Interesting legal take. Similar to "You have the right to search my house with a warrant... you don't have a warrant to make me tell you where the drugs are hidden." But it doesn't actually work that way.
Unfortunately, the courts have ruled that like a search warrant, if you have a key to the front door, you must hand that key over, and that such a key to the front door is not self-incrimination.
I certainly get the arguments here about privacy and security, but for all the chest beating, that's NOT how the law actually works. In the case where the subject of a warrant is alive, you can and will sit in jail until you rot until you unlock that laptop.
The problem here is that while courts come down on some basic rights WITHOUT a warrant, courts have consistently said that WITH a warrant, the police (but really the court by extension) can do whatever the hell they please. So long as there is a warrant.
And the reason courts will say this, and continue to beat anyone over the head who disagrees is that courts actually have relatively little power. Besides contempt charges, the warrant is an extension of the court's power to not only control police, but to control and enforce the law on citizens.
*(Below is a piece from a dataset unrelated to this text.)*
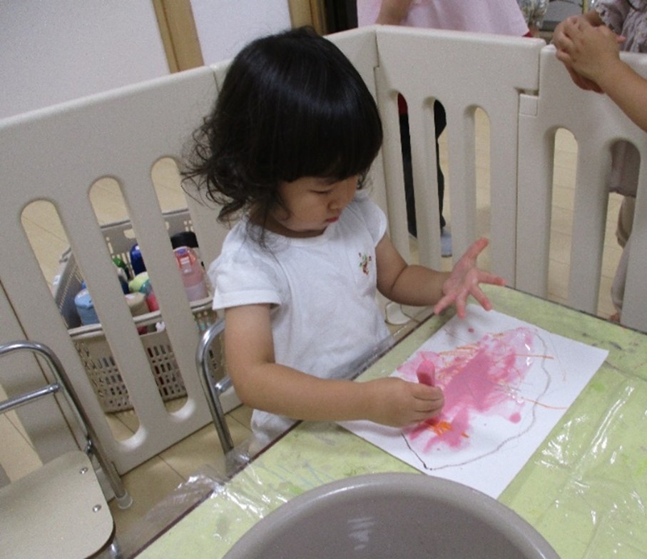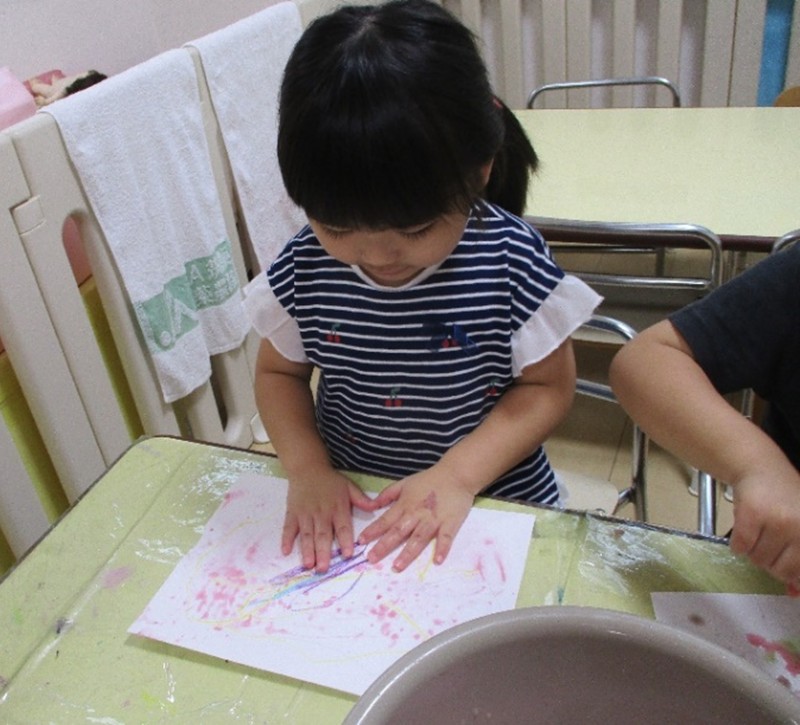 画用紙の上に溜まっている水を叩き感触を楽しんでいました。

The moment you think you're going to tell any court that they can't do what they want with a warrant, thereby asking them to reduce their own power even further, you've lost your ever loving mind.
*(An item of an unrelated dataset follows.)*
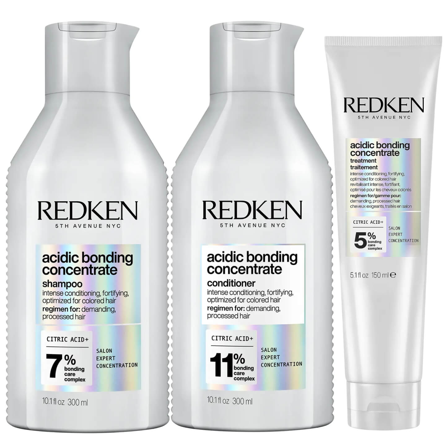 En komplett reparerande trio för skadat, kemiskt behandlat och värmestylingat hår. Denna kraftfulla trio kombinerar tre steg i en holistisk hårvårdsrutin: schampo, conditioner och leave-in treatment från Redken Acidic Bonding Concentrate-serien.

This is why things like the All Writs Act matter so much to courts. As the arguably weakest branch, they are going to defend the use of their tools most of all.
And all the brash /. comments in the world won't get you out of prison short of a presidential pardon. Just ask Joe Arpaio about that. And the public jumped all over that because even the public generally sides with NOT removing power from courts.
And forget arguments against FISA. For all the correct arguments about a rubber stamp, the fact that they even bothered to include a court makes the courts themselves tickled pink.
Legislatures can cut funding. Executive branches have guns, bullets, and bombs. Courts only have "Please do what we say... pretty please?"